The work done in lifting a body of mass ‘m’ to a height equal to the radius of earth is

Solution:

We have from concept gravitational P.E. $U=\frac{-GMm}{r}$ using this we can

get

Method – I:

${\text{P.E}}_i={\text{U}}_i=-\frac{\text{GMm}}{\text{R}}$ (On the surface of earth)

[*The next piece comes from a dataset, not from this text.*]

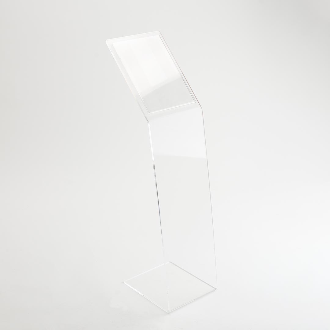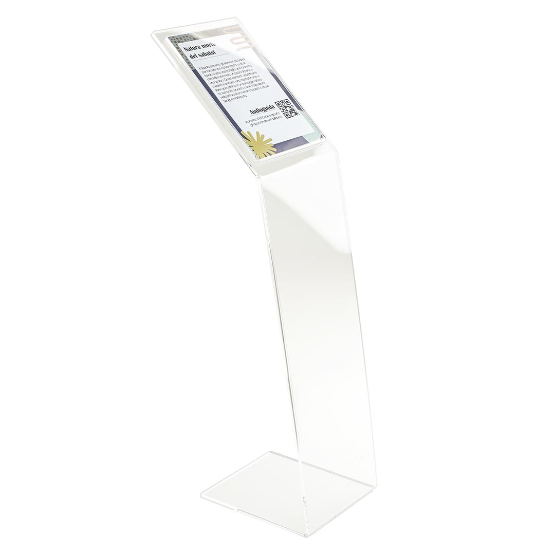 Leggio in plexiglass da terra con base a L da 8mm ad una tasca in plexiglass formato A4 verticale

${\text{P.E}}_f={\text{U}}_f=-\frac{\text{GMm}}{\text{2R}}$ (Certain height from the surface of earth)

W =  Gain in P.E. =${\text{U}}_i-(-{\text{U}}_f)=U_i-U_f$   

  $=GMm[\frac{1}{r_1}-\frac{1}{r_2}]$                                          

$=GMm[\frac{1}{R}-\frac{1}{2R}]$ $=\frac{GMm}{2R}(\because g=\frac{GM}{R^2})$    

$=\frac{{\text{gR}}^{\text{2}}\text{m}}{\text{2R}}=\text{mg}\frac{\text{R}}{\text{2}}$                                                          

Method – II:

we know change in P.E

$\text{W}=\Delta \text{P.E}=\frac{\text{mgh}}{1+\text{h/R}}$

$=\frac{\text{mgR}}{\text{2}}(\because \text{h}=\text{R})$

So option (a) is correct conclusion.